**DATA EXTRACT**
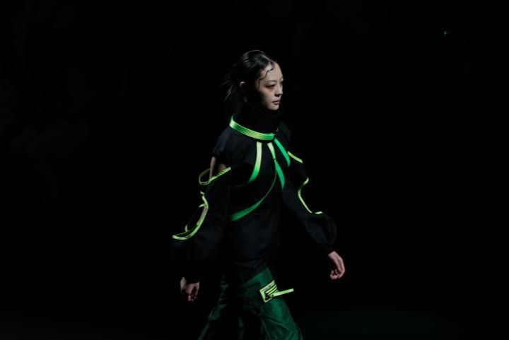 1.《暗夜森灵》——以赛博美学重构空间概念,霓虹光影与未来感剪裁碰撞,探索服装的科技表达。
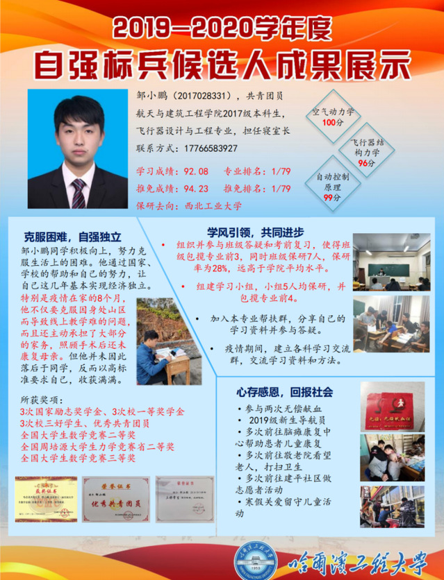 邹小鹏,2017级本科生,飞行器设计与工程专业,学习成绩92.08,专业排名第一,保研至西北工业大学。他组织并参与班级答疑和考前复习,使得班级包揽专业前3,同时班级保研7人。科创方面获得全国大学生数学竞赛二等奖,全国周培源大学生力学竞赛省二等奖和全国大学生数学竞赛三等奖在生活中他积极向上,努力克服生活上的困难。他通过国家、学校的帮助和自己的努力,让自己这几年基本实现经济独立。特别是疫情在家的8个月,他不仅要克服因身处山区而导致线上教学难的问题,而且还主动承担了大部分的家务,照顾手术后还未康复母亲。但他并未因此落后于同学,反而以高标准要求自己,收获满满。
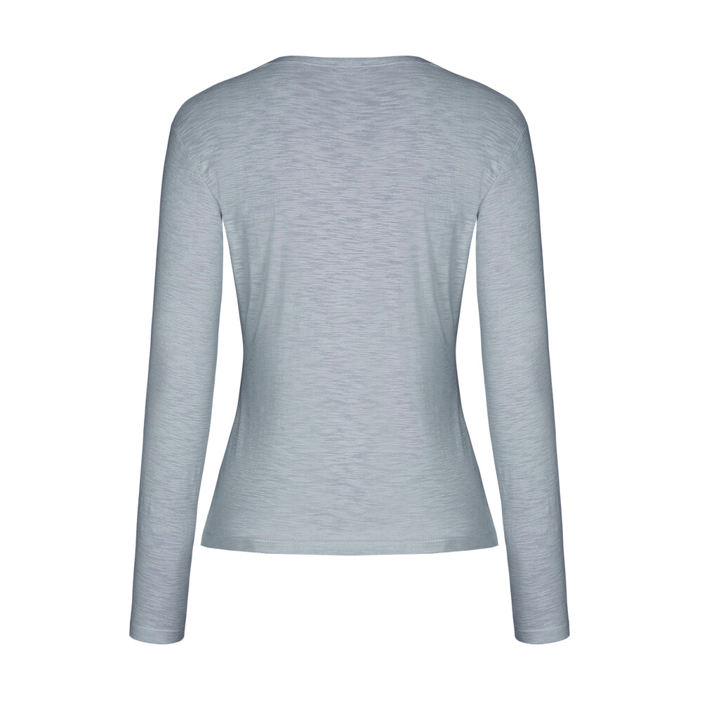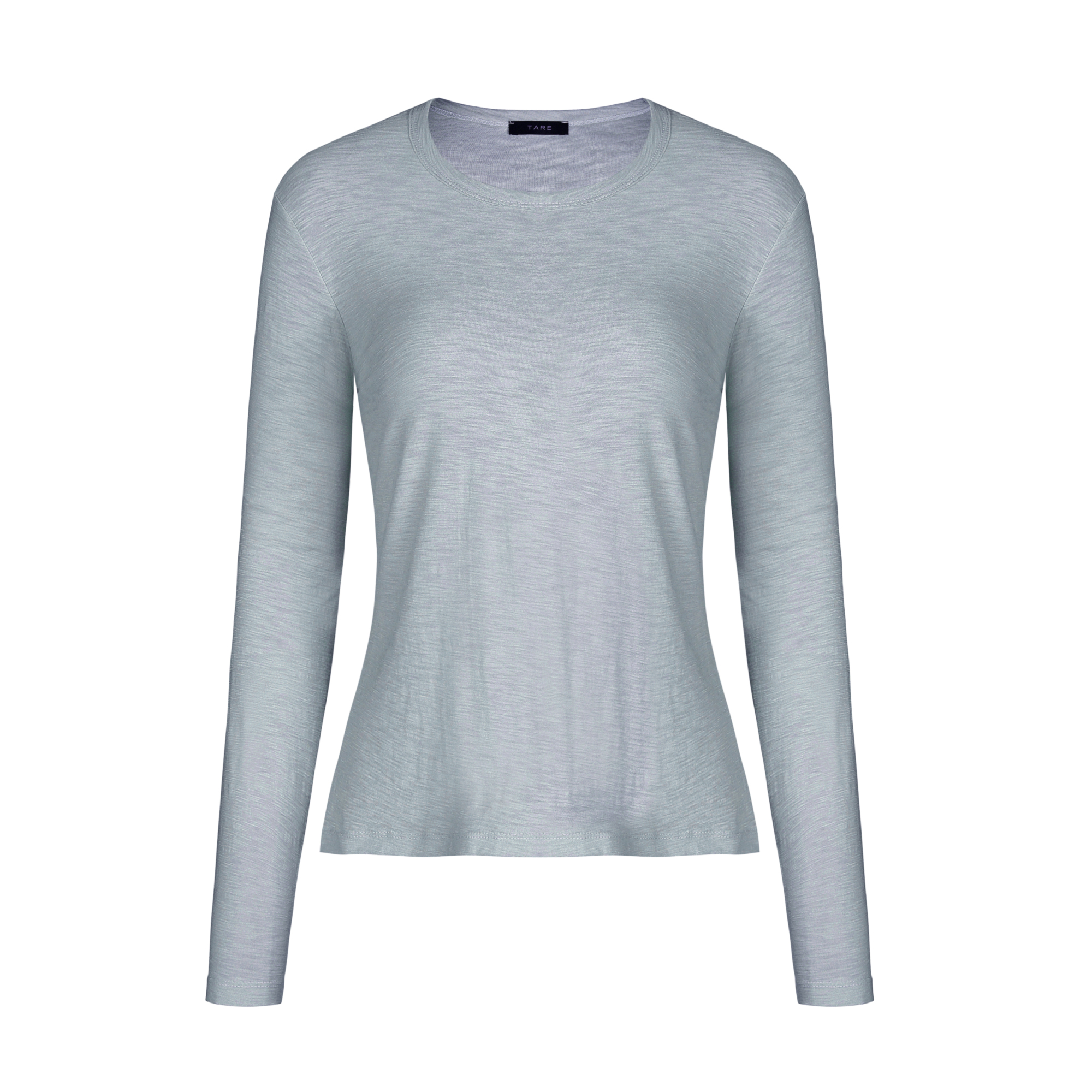 기본 라운드 넥이지만 한층 더 페미닌한 실루엣을 자연스럽게 드러냅니다.

**EXERCISE**
Repeat the material above exactly; any picture in it is left out.

**EXERCISE SOLUTION**
 1.《暗夜森灵》——以赛博美学重构空间概念,霓虹光影与未来感剪裁碰撞,探索服装的科技表达。
 邹小鹏,2017级本科生,飞行器设计与工程专业,学习成绩92.08,专业排名第一,保研至西北工业大学。他组织并参与班级答疑和考前复习,使得班级包揽专业前3,同时班级保研7人。科创方面获得全国大学生数学竞赛二等奖,全国周培源大学生力学竞赛省二等奖和全国大学生数学竞赛三等奖在生活中他积极向上,努力克服生活上的困难。他通过国家、学校的帮助和自己的努力,让自己这几年基本实现经济独立。特别是疫情在家的8个月,他不仅要克服因身处山区而导致线上教学难的问题,而且还主动承担了大部分的家务,照顾手术后还未康复母亲。但他并未因此落后于同学,反而以高标准要求自己,收获满满。
 기본 라운드 넥이지만 한층 더 페미닌한 실루엣을 자연스럽게 드러냅니다.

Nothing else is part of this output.